ICTSI delivers record growth in first nine months of 2025, net income jumps 19% to US$751.56 million

International Container Terminal Services, Inc. (ICTSI) today reported unaudited consolidated financial results for the first nine months ended September 30, 2025, confirming strong momentum driven by disciplined execution and a diversified global portfolio.

The Group achieved significant increases across all key metrics, primarily fueled by volume growth and improved operational efficiency across its network spanning the Americas, Asia, and EMEA.

Financial and Operational Highlights (First Nine Months of 2025):

  • Consolidated Volume: Increased 11 percent to 10.69 million TEUs (twenty-foot equivalent units), up from 9.60 million TEUs in the same period in 2024, reflecting an improvement in trade activities globally.
  • Revenue from Port Operations: Rose 16 percent to US$2.34 billion (from US$2.01 billion in 2024).
  • EBITDA (Earnings Before Interest, Taxes, Depreciation, and Amortization): Grew 17 percent to US$1.54 billion (from US$1.32 billion in 2024), improving the EBITDA margin to 66 percent.
  • Net Income Attributable to Equity Holders: Increased 19 percent to US$751.56 million (from US$632.58 million in 2024).
  • Diluted Earnings Per Share (EPS): Increased 21 percent to US$0.365.

Enrique K. Razon Jr., ICTSI Chairman and President, commented on the results: “The excellent performance in the first nine months of 2025 is a testament to the strength of our global operations and the disciplined execution of our strategy. With revenues rising 16 percent to US$1.54 billion, we have delivered growth across all key metrics. A 19 percent increase in net income attributable to equity holders and a 21 percent increase in diluted earnings per share reflect our continued focus on prudent financial management and delivering value for our shareholders. Our diversified portfolio has enabled us to capture opportunities in dynamic markets, demonstrating the resilience of our business and operational excellence.”

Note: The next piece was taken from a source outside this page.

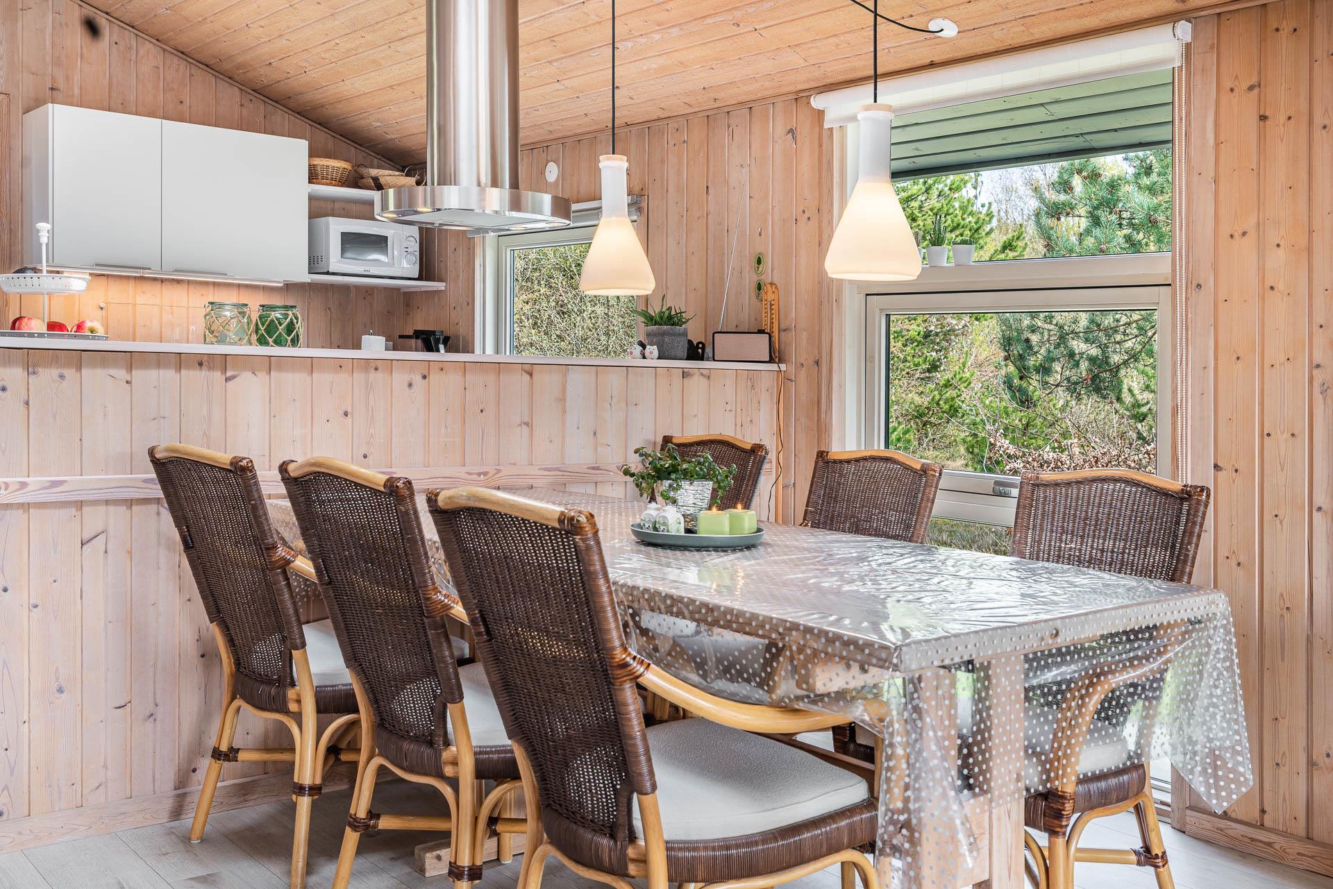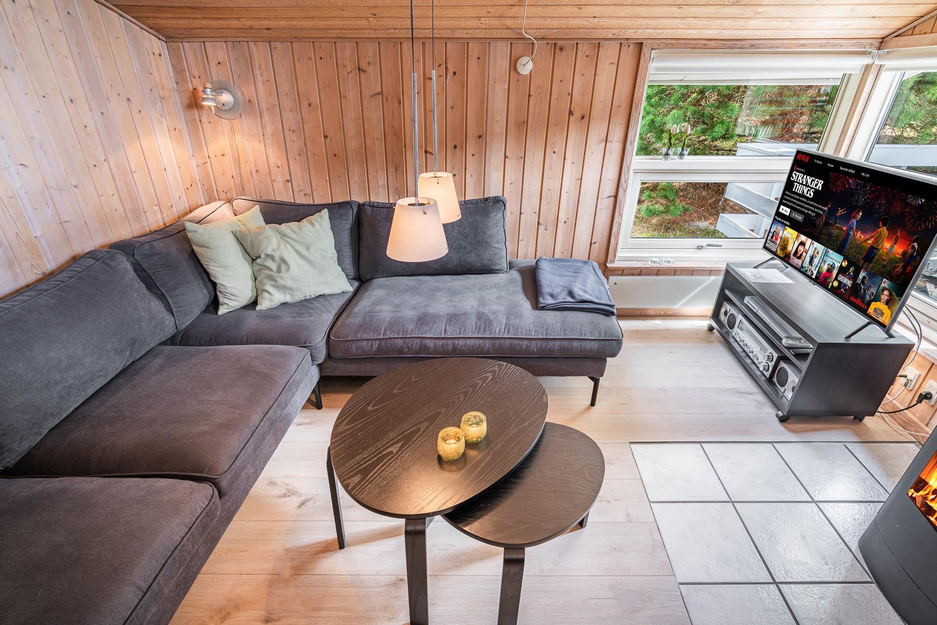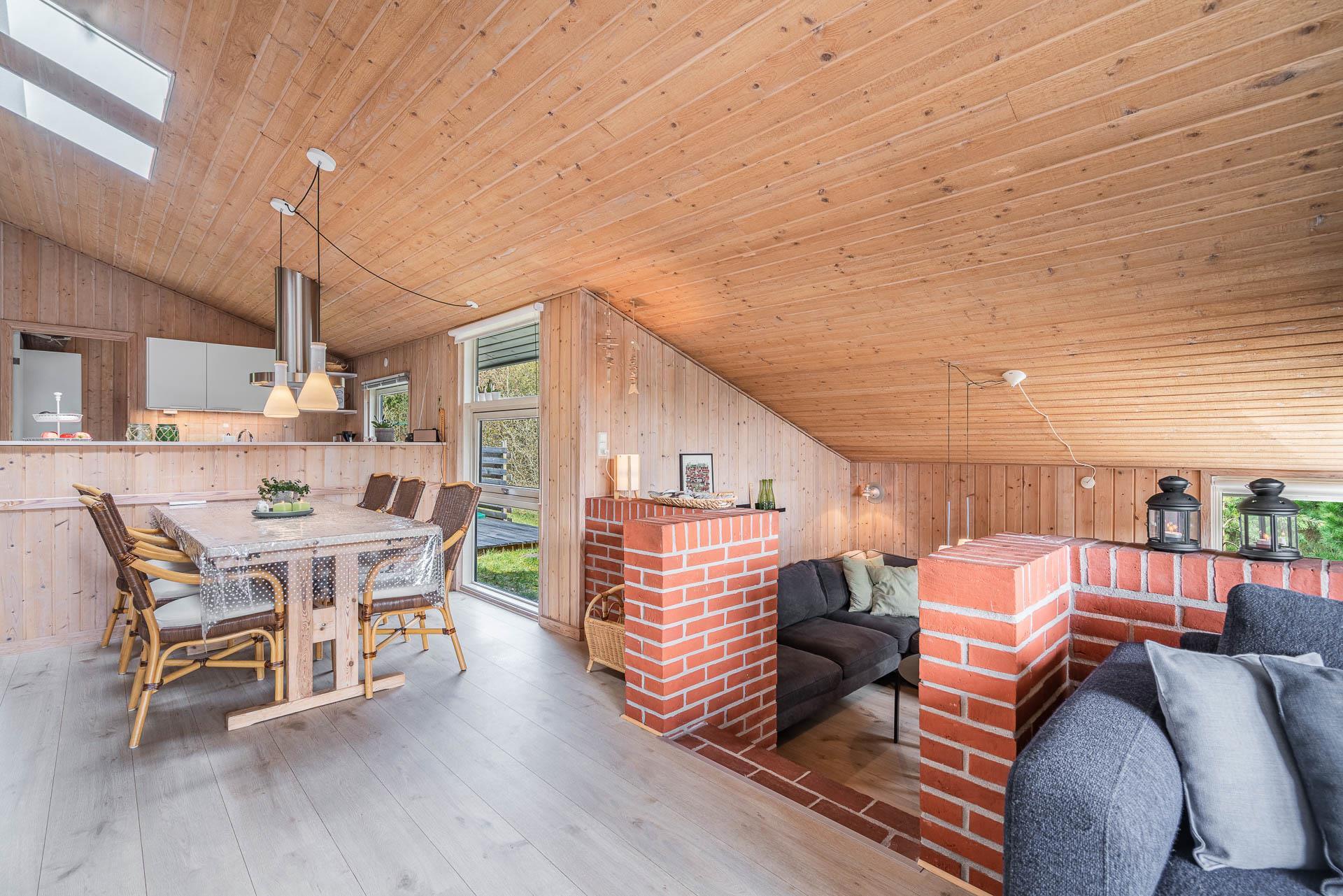 Möchten Sie auf einem ungestörten Grundstück wohnen, in einem Haus, das komplett von der Straße zurückgezogen ist - und in einer bezaubernden Umgebung? Dann schauen Sie sich dieses Ferienhaus im Søndervang 74 an. Es gibt mehrere Terrassen, teilweise überdacht und mit immer der Möglichkeit, Schutz vor dem Wind und Sonne zu finden. Und die komplett geschlossene Terrasse ist ideal, wenn kleine Kinder oder der Hund dabei sind. Das Haus bietet Platz für 6 Personen, aufgeteilt auf 3 Schlafzimmer, 2 davon mit Doppelbett. Küche von 2018 mit Geschirrspüler und Mikrowelle. Schöner Wohn- und Essbereich mit firsthoher Decke. Tiefer gelegener Fernsehraum, in dem es sich alle gemütlich machen und entspannen können. Sowohl der Kaminofen als auch die Wärmepumpe sind für die kühlen Tage vorhanden. Schön renoviertes Badezimmer aus dem Jahr 2018 mit Fußbodenheizung und Waschmaschine. Der Gefrierschrank ist im Schuppen.

ICTSI’s strong performance continued into the third quarter (Q3) of 2025:

  • Q3 Consolidated Throughput: 12 percent higher at 3.70 million TEUs.
  • Q3 Revenue from Port Operations: Increased 20 percent to US$827.74 million.
  • Q3 Net Income: Increased 26 percent to US$267.72 million.

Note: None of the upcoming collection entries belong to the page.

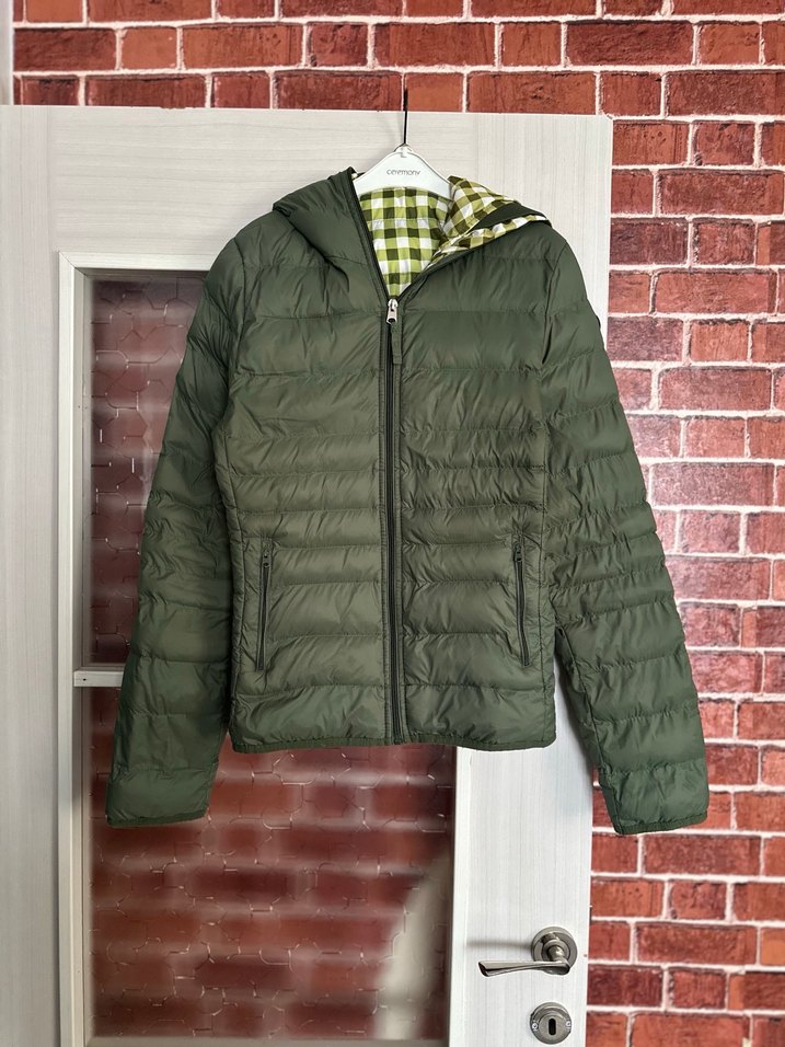 Fermuarlı, koyu yeşil kadın kışlık ceket. Uzun kollu, kesimi vücuda oturan ve içi kareli desenli sentetik kumaşla kaplıdır. Midi boyda, günlük kullanıma uygundur. ❄️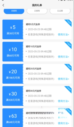 3、如图所示,您的代金券可用于任意游戏(特殊游戏除外),福利丰厚,欢迎尽情使用!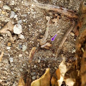 そして、針金でテッポウムシを幹の外に追い出しました。幼虫が地面にぽつりと落ちたのです。

Drivers of Growth and Capital Expenditure

The increase in gross revenue was primarily driven by volume growth, favorable container mix, tariff adjustments, and higher revenues from ancillary services. The Group also benefited from volume recovery, particularly at its facility in Guayaquil, Ecuador.

In line with its long-term strategy, ICTSI continues to invest in expansion projects. Capital expenditures for the first nine months of 2025 totaled US$449.61 million, mainly for ongoing expansions in Contecon Manzanillo S.A. (CMSA) in Mexico, key Philippine terminals, and ICTSI DR Congo S.A. (IDRC).

For the full year 2025, the Group’s capital expenditure is estimated at US$580 million and will focus on:

  • Continued development of the new project in Batangas, Philippines.
  • Phase 3B expansion at CMSA, Manzanillo, Mexico.
  • Expansion of Manila International Container Terminal (MICT), Philippines, and IDRC, Matadi, DRC.
  • New expansion projects at ICTSI Rio, Brazil, and Mindanao Container Terminal, Philippines.

Mr. Razon Jr. concluded, “As we continue to invest in strategic expansions and pursue new opportunities, we remain committed to driving sustainable growth and innovation throughout our global network. ICTSI is well-positioned to build on this momentum and deliver long-term value.”